KnigaRead.com/
KnigaRead.com » Проза » Современная проза » Александр Попов - Солнце всегда взойдeт

Александр Попов - Солнце всегда взойдeт

На нашем сайте KnigaRead.com Вы можете абсолютно бесплатно читать книгу онлайн Александр Попов, "Солнце всегда взойдeт" бесплатно, без регистрации.
Перейти на страницу:

Помню, однажды погостив три месяца с сестрой Настей – она была младше меня на два года, а мне тогда минуло пять, – в деревне, мы приехали домой и увидели в маленькой кровати, в которой я и сестры тоже когда-то спали, страшненького, красноватого ребенка. Мама сказала, что он наш брат Сашок.
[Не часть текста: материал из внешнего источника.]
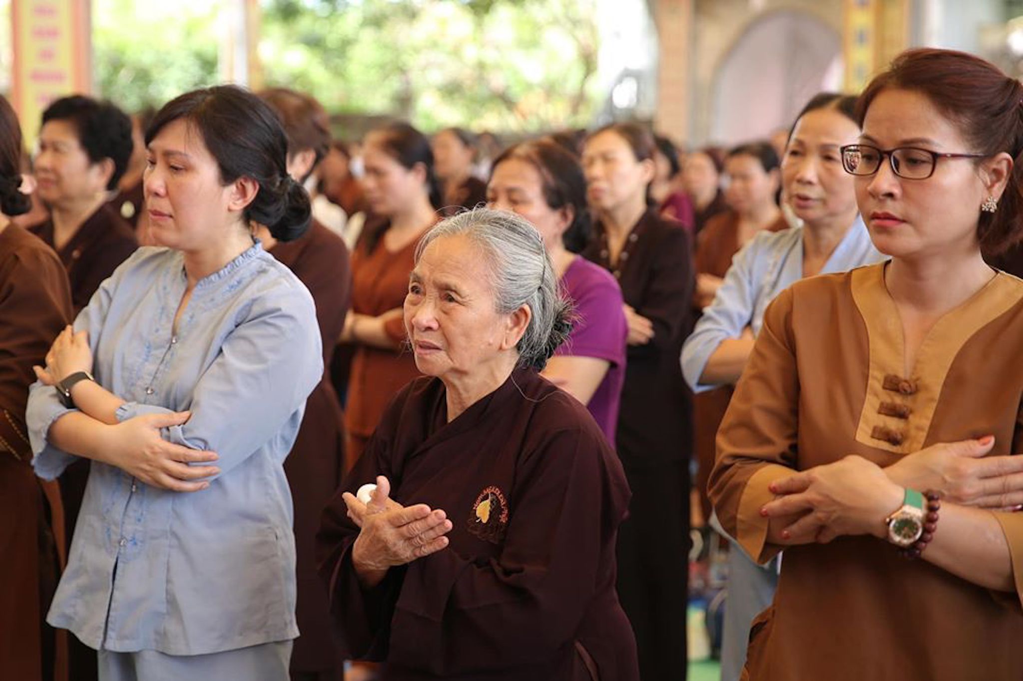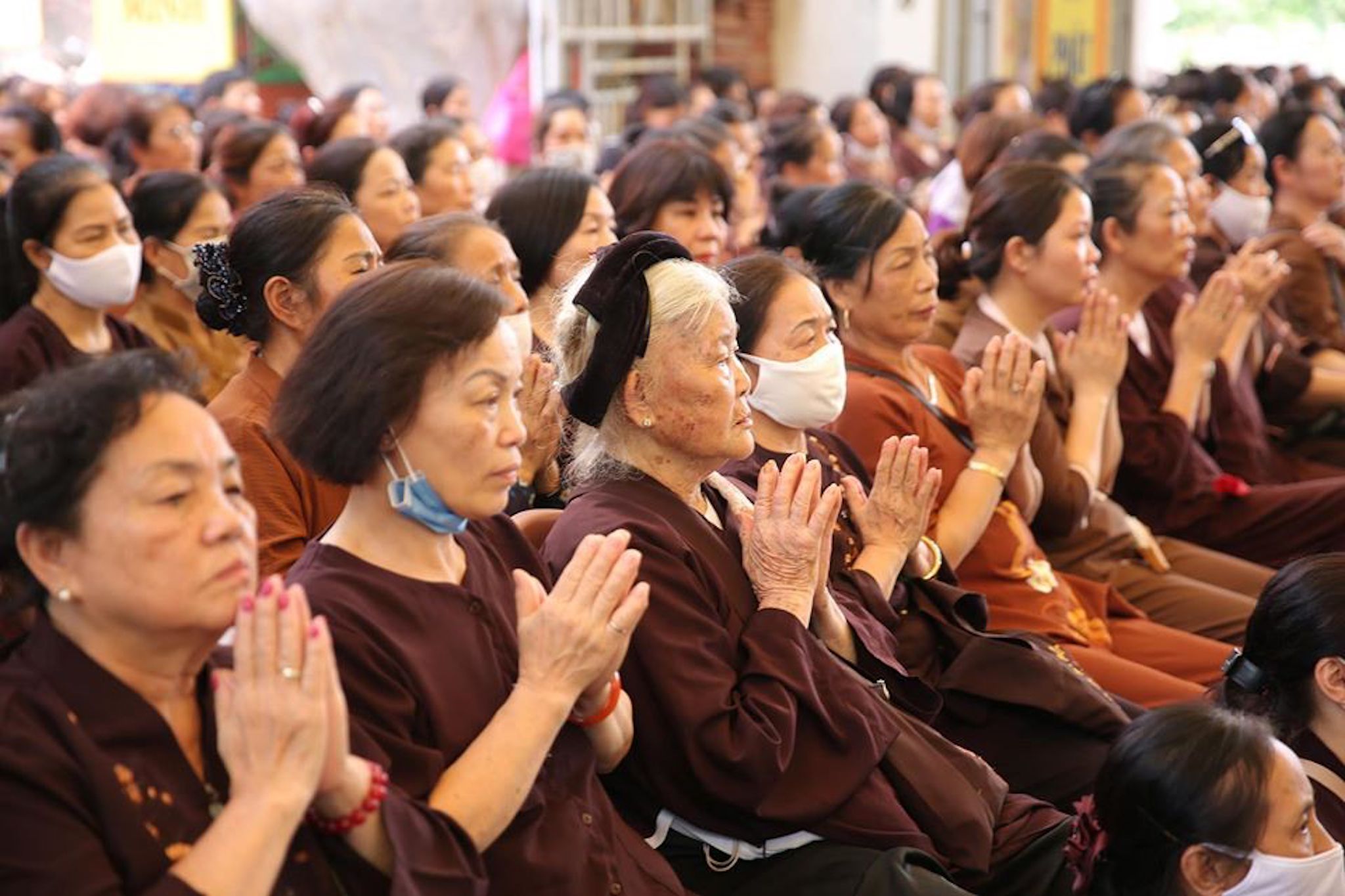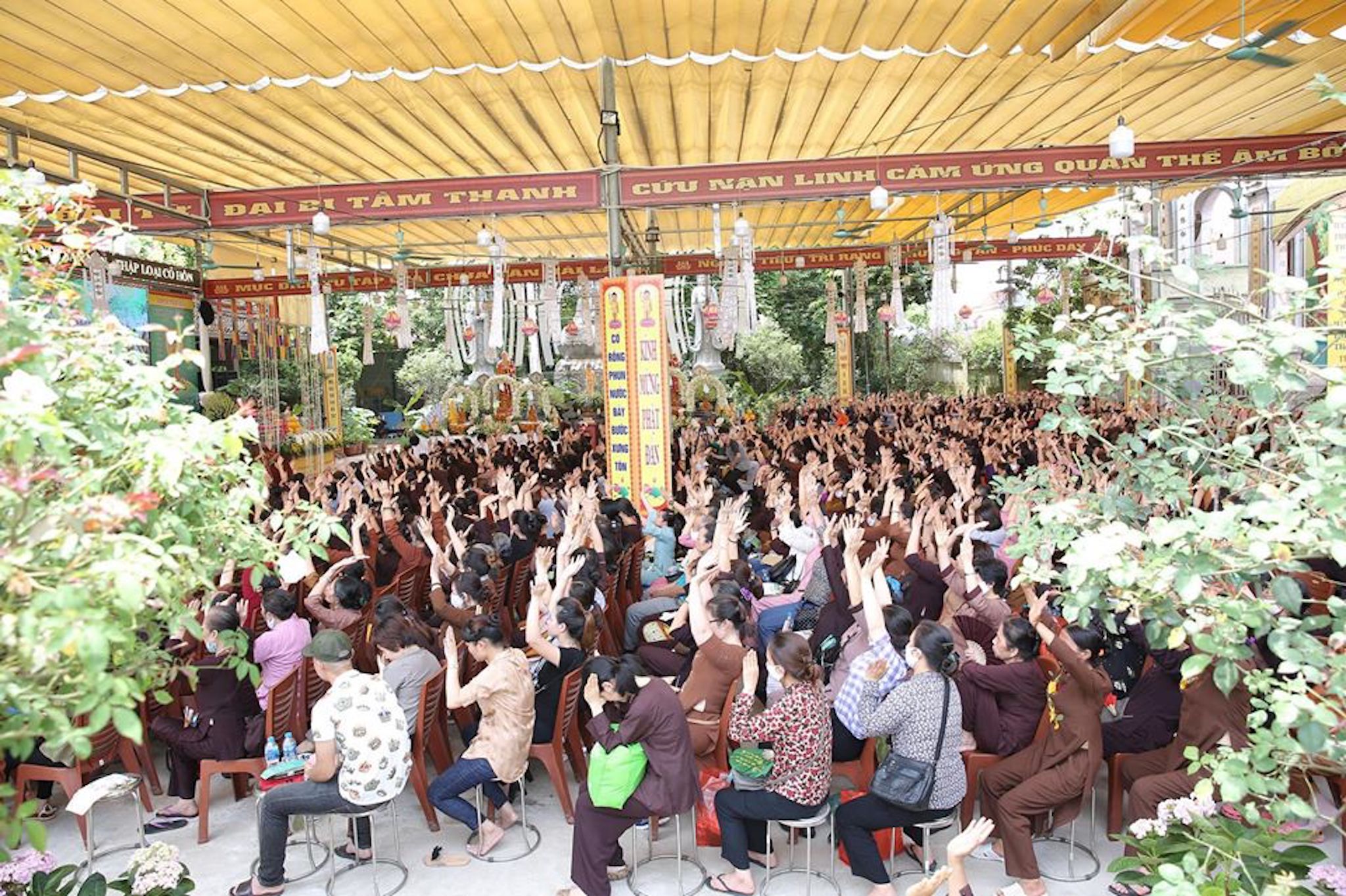 Các bà mẹ trẻ thành tâm sám hối về những việc mình đã gây tạo tại Pháp hội cầu siêu thai nhi chùa Tân Hải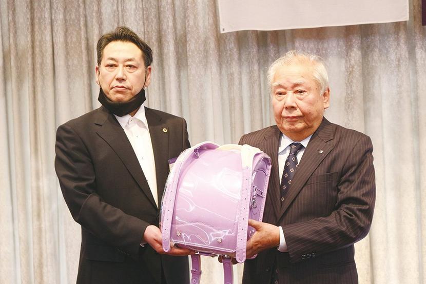 ランドセルを手渡す菅野会長(左)と佐原会長

Я спросил ее, где она его взяла. Сестра Люба засмеялась. Настя же разделила мое любопытство: с интересом и жалостью смотрела на этого диковинного, сосущего соску человечка. Мама чуть улыбнулась и, потрепав меня за щеку, сказала, что выловила его в Байкале, что он был нерпенком, отбился от стаи, подплыл к берегу и стал плакать. Попав в ее руки, он сразу превратился в человека.

– Где же ты нашла меня? – спросил я.

– Где я нашла тебя? – переспросила мама и посмотрела на папку, который, усмехаясь, покручивал свой жесткий ус и курил возле открытой форточки. – Мы в то время жили на Севере. Как-то раз ночью вышла я на улицу и вижу – несутся по тундре олени, много-много. Умчались они, и только я стала заходить в дом, как вдруг услышала – кто-то плачет. Подошла, вижу – лежит на снегу маленький олененок. Сжался весь. Взяла его на руки. В доме олененок отогрелся и сразу же превратился в мальчика. Это и был ты.

– Как! – воскликнул я, когда мама закончила рассказ и как ни в чем не бывало занялась этим человечком. – Как! Я был оленем?!

От волнения у меня выступили слезы и рот не закрывался, когда я замолчал. Я забежал вперед мамы, чувствуя недоверие к рассказанному, и прямо посмотрел в ее похудевшее за последнее время лицо, желая только одного, чтобы глаза или она сама сказали мне: верь! Мне кажется: если бы она тогда сказала, что ее рассказ – неправда, я не захотел бы ей поверить.

– Я был оленем! Как вы могли об этом молчать?! – восклицал я, совершенно не понимая, почему взрослые не разделяют мой восторг.

Ночью я долго не мог уснуть. Прижимал к себе кошку Марысю и шептал ей, целуя в ухо и в нос:

– Марыся, я был оленем. Вот так-то! А кем ты была? Лисичкой?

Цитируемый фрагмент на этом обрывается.